Nationalgeographic.co.id—Evolusi tulisan kuno muncul melalui upaya manusia untuk mencatat berbagai hal. Awalnya, hal ini muncul secara alami dalam konteks tujuan pragmatis, ekonomi, dan administratif, seperti pencatatan perpajakan atau nota penjualan.
Namun, menurut sejarawan Heather Reilly, tulisan juga berkembang untuk merekam dan melestarikan praktik-praktik kultus serta kepercayaan agama.
“Secara bertahap, keyakinan tumbuh bahwa kata-kata tertulis memiliki kekuatan ritualistiknya sendiri; tindakan menuliskan nama dewa atau entitas magis diyakini dapat menyulap atau membangkitkan mereka dengan cara tertentu,” tulis Reilly pada laman The Collector.
Aksara Paku
Aksara paku dibuat sekitar 3.500 SM di selatan Mesopotamia. Aksara ini digunakan oleh berbagai peradaban dan dapat mengartikulasikan banyak bahasa.
Aksara paku itu sendiri mengalami banyak fase dan gaya karena beragam kegunaannya. Di bawah bangsa Sumeria, aksara ini terutama berbentuk piktografik. Simbol-simbolnya memiliki hubungan yang jelas dengan kata yang mereka gambarkan; misalnya, tanda seorang penguasa adalah seorang pria dengan hiasan kepala.

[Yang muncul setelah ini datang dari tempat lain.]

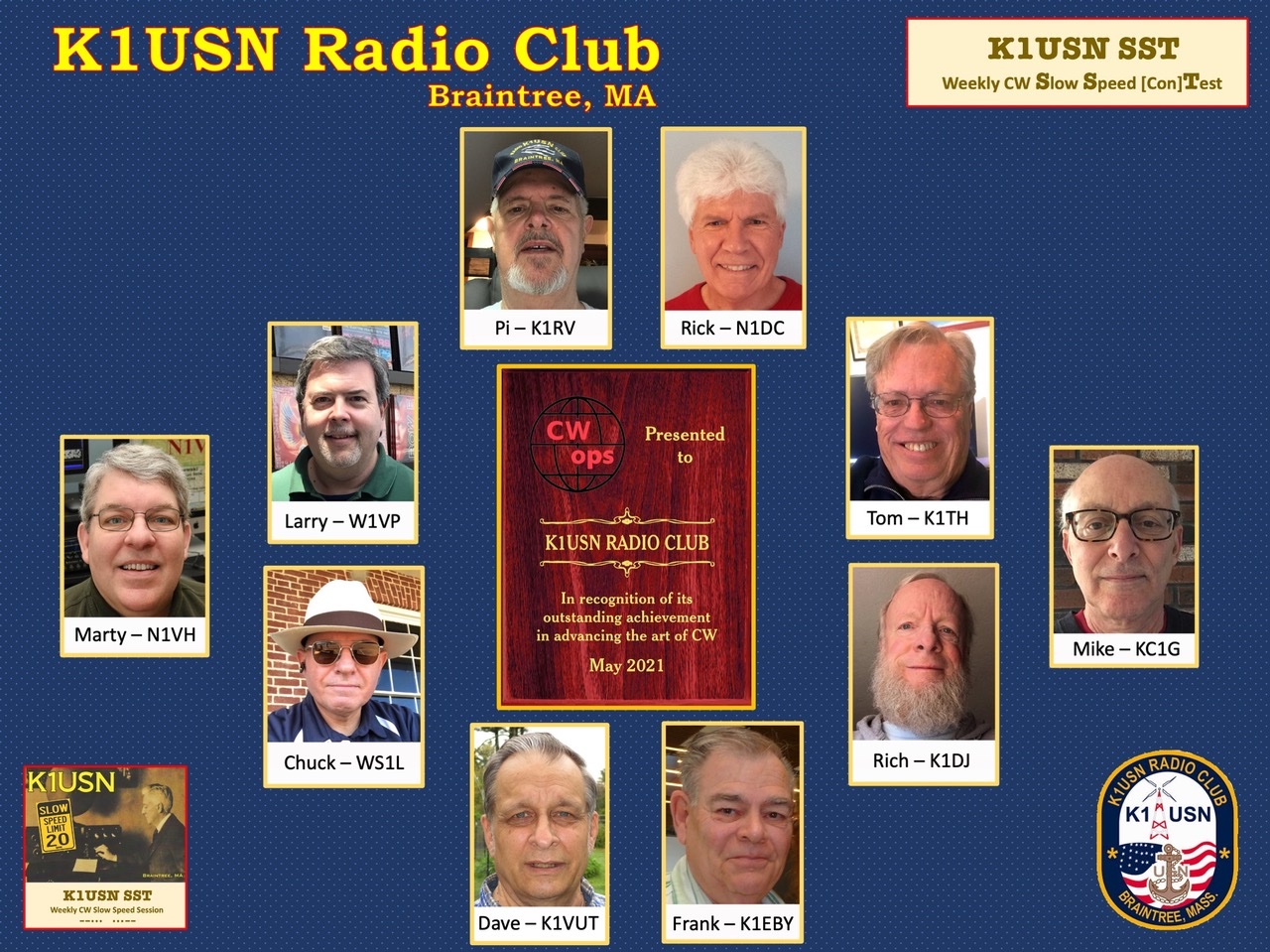 CWops recognition award to the K1USN Radio Club for outstanding achievement in advancing the art of CW, May 2021.

Bangsa Babilonia dan Asyur mengadaptasi piktogram ke dalam aksara yang lebih kompleks. Dalam variasi yang lebih baru ini, tanda-tanda tersebut dapat mewakili suku kata atau huruf yang dapat digabungkan untuk membuat kata-kata independen dari denotasi aslinya.

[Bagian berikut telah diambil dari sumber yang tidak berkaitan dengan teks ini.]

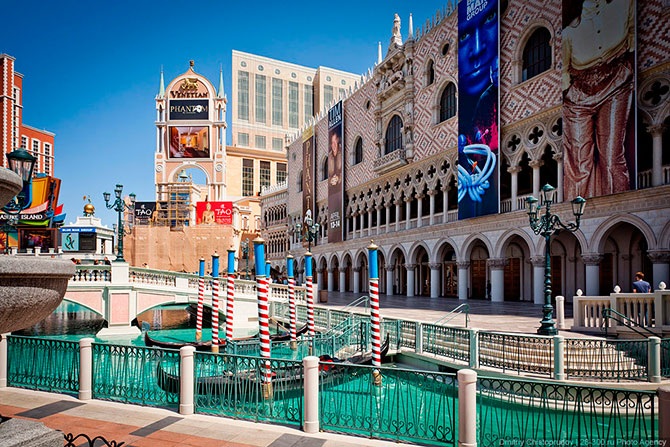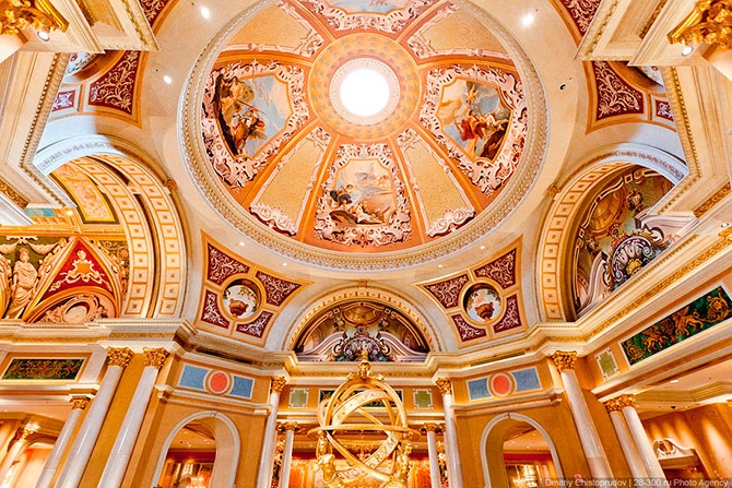 Внутри каждого отеля есть свои улицы, напоминающие улицы городов, в стиле которых выполнен тот или иной отель. На этих улицах хоть нет рекламы, но здесь все искусственное, даже небо.

“Mereka yang dilatih untuk membaca dan menulis paku-pakuan sebagian besar adalah para juru tulis atau pendeta dimana bagi penduduk yang sebagian besar buta huruf pasti tampak misterius,” kata Reilly.
Penemuan tulisan paku dengan cepat mengilhami gagasan tentang doa tertulis kepada para dewa serta kutukan. Mantra-mantra ini muncul pada berbagai benda, mulai dari mangkuk hingga jimat.
Reilly mengungkapkan, kutukan tertulis telah ditemukan di beberapa kuburan termasuk kutukan terkenal yang tertulis di dinding makam Ratu Yaba, istri Raja Tiglath-Pileser III.
Kutukan tersebut menyatakan bahwa siapa pun yang menodainya tidak akan menerima persembahan di alam baka dan akan "gelisah selama-lamanya".